Well, I was going to write this yesterday, but as usual life got in the way.  So here I am, at midnight, sitting here in the bonus room while someone finishes his homework.  Talk about moral support!  What a good wife I am!  'We' had a paper to work on tonight!  YAY!  It's nice to know I can still pump out the BS when I need to - and I'm really digging the Zebra red ink pen that I got to use to edit the 11 page nightmare - so I guess there are a few pluses to the evening! 

What a great date night huh? :o)  When B signed up to do the grad school thing online - full time - I thought - cool.  He'll do homework and I'll read or bake!  What a great deal that is right?  Sometimes though, even when I don't want to get sucked in, it happens.  The stress grows, the Bubbies are uneasy and I just have to help.  That's all I'm doing though I promise you....my brain isn't up to doing real work at night these days.  I took today off too - and I'm post my massage - so you know my brain and muscles are just useless due to 'you know who'! (I'm still working on her nickname!  On a side note, the Botox seems to have helped my right wing, so here's hoping it's going to get better! Yipee!)

At one time, earlier in life, I thought it was the thing to do to go and get my MBA - I even took the GMATs.  Did pretty well on those as I recall, but I never went to school - was planning on Loyola in MD too.  Got sidetracked though when I was transferred down to the big ATL and all thoughts of school went right out the window!  I mean really, why would I go to school when I could go to Moe's & Joe's and drink cheap PBR?  Silly people!

Of course my path changed many times over the next few years and I ended up in Culinary School instead of grad school.

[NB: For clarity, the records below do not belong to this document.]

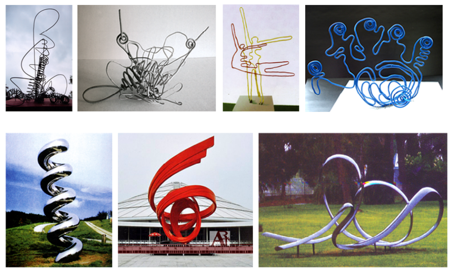 线材的连续构成分为限定构成和自由构成两种形式。限定构成是由控制点运动的范围来确定其形态;自由构成是不限定范围,以连续的线做自由构成,使其产生连续的空间效果。表现对象可以是具象的,也可以是抽象的。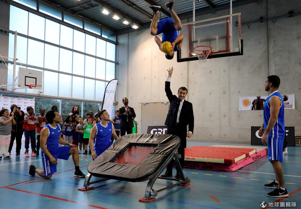 在巴黎北部的維爾塔納斯鎮(Villetaneuse)的一間體育館內,法國總統馬克宏(Emmanuel Macron)和球員們一起打籃球。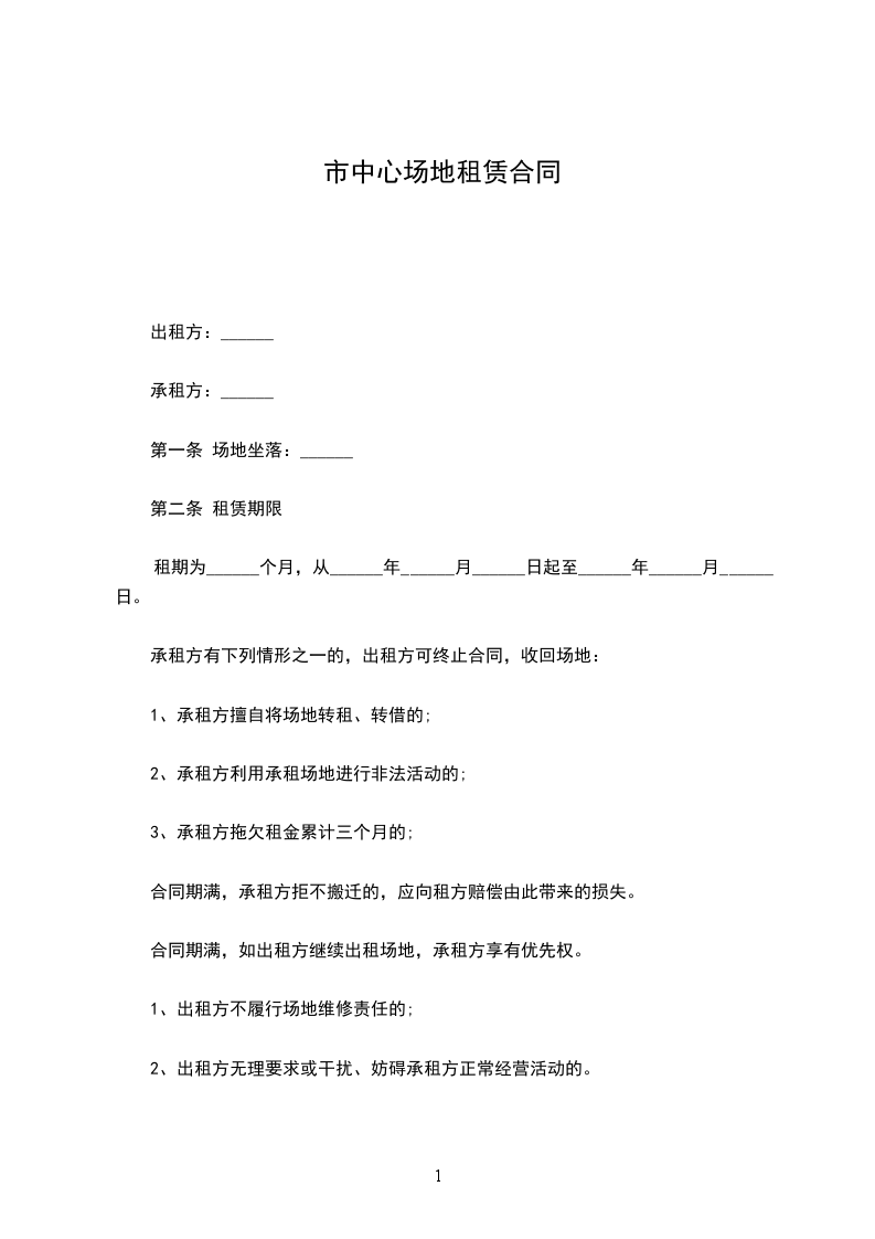 八、合同约定的租赁期限界满或双方协商一致解除合同后____日内,乙方应向甲方办理交接手续,交接时乙方应保证工作人员撤离、将属于自己的设备腾清,并将租赁范围内的垃圾杂物等清理净。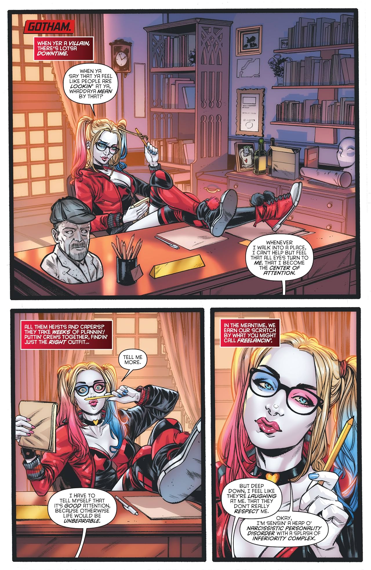 Harley takes on odd jobs in her many wheelhouses—therapizing bad guys,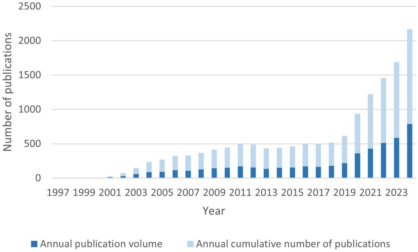 Data analysis shows a significant increase in academic output in the field of proteomics and ML from 1997 to 2024, with an average annual publication volume of 183 papers and an annual growth rate of approximately 45.14%. This trend reflects the rapid development of ML applications in proteomics, positioning it as a key direction in the intersection of life sciences and bioinformatics. Our findings support the application of Bradford’s law, a bibliometric concept suggested by Brookes (48).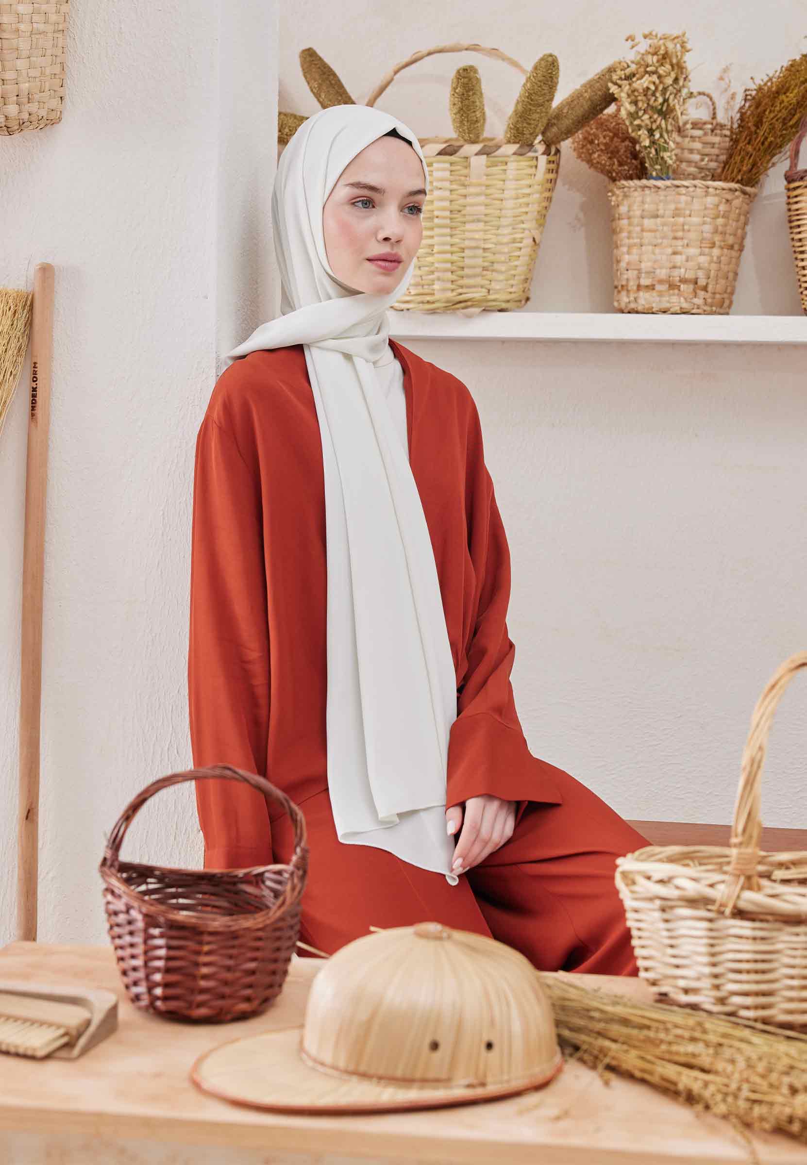 Kumaş türü Medine İpeğidir. Her mevsim kullanabileceğiniz Medine ipeği başörtümüz ütü gerektirmez. Hem özel günlerinizde hem de günlük hayatınızda kurtarıcınız olacaklar.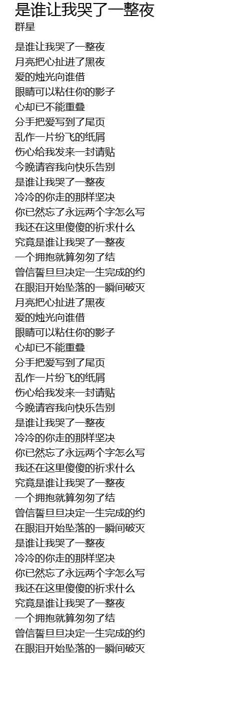 | [00:04.13] | 是谁让我哭了一整夜 |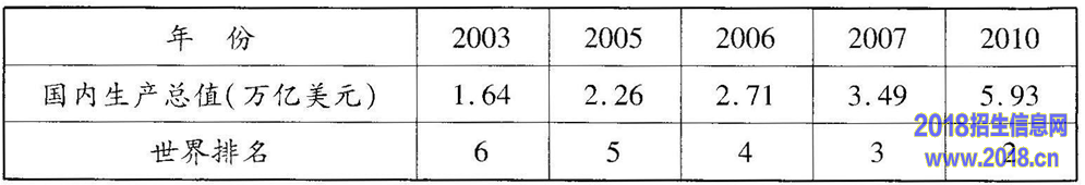 12.读下表:分析2003年以来中国国内生产总值及世界排名变化的最主要原因
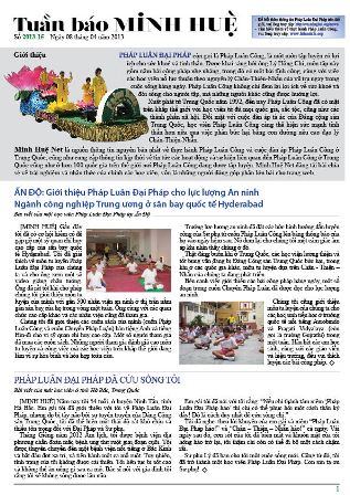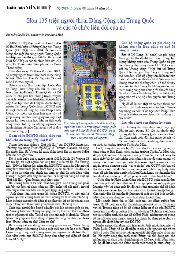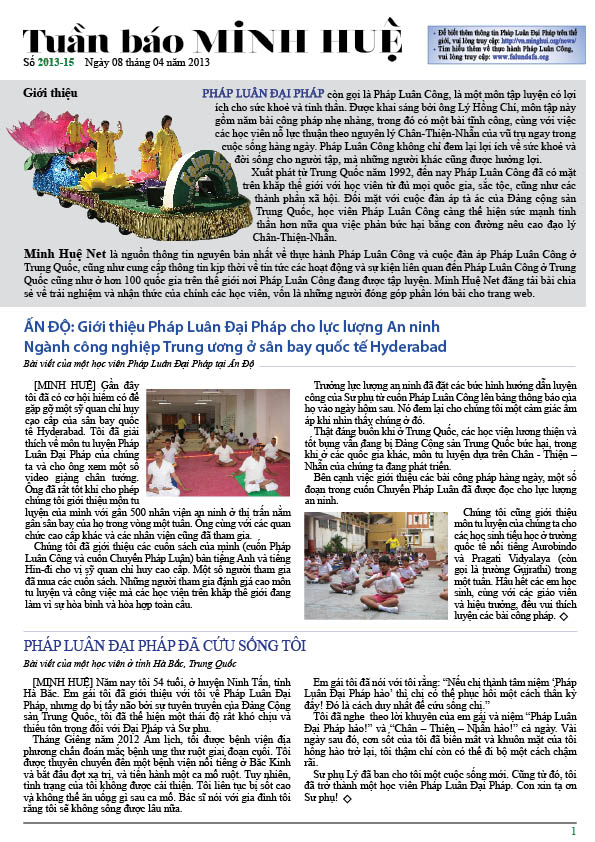 [MINH HUỆ 08-04-2013]Tuần báo Minh Huệ tổng hợp tin tức hàng tuần về cuộc đàn áp ở Trung Quốc và các sự kiện của học viên Pháp Luân Công trên khắp thế giới, với dạng thức là bản in màu định dạng PDF, gồm 4 trang. Bản PDF này định dạng khổ A4 tiện dụng cho việc in ấn phổ thông.

I guess if I had to do it over, I might have let my old company pay for my MBA, but I would have hated doing it.  Seriously.  IF I was to ever go back to school, to would be to study something I know nothing about.  To go to get my MBA now would be tough - I'd probably argue with the teachers and get mad at my books because they weren't real life examples and weren't 'true!'

Maybe I'll go back and learn Gaelic - have always wanted to do that....then I could understand some of my favorite music.  Or maybe I could go take a knitting class - nah.  I'd break the needles - not enough patience for that.  I've got it, belly dancing! :)  HA!  I'd need MUCH more than Botox to even think about doing that!

Perhaps I'll just sit tight for now and keep my red pen handy and keep baking those cookies.  They do help B get through those long haul nights like tonight!

SO for now, I'll leave you with this...I'm on hormones, my dog is on Prozac (another story to come), I'm typing this at almost 12:30AM and B is yelling at me about how on-line is supposed to be spelled....you reckon I have enough to write my first book yet????  :o)

Night Ya'll and Happy Friday/Saturday morning to you!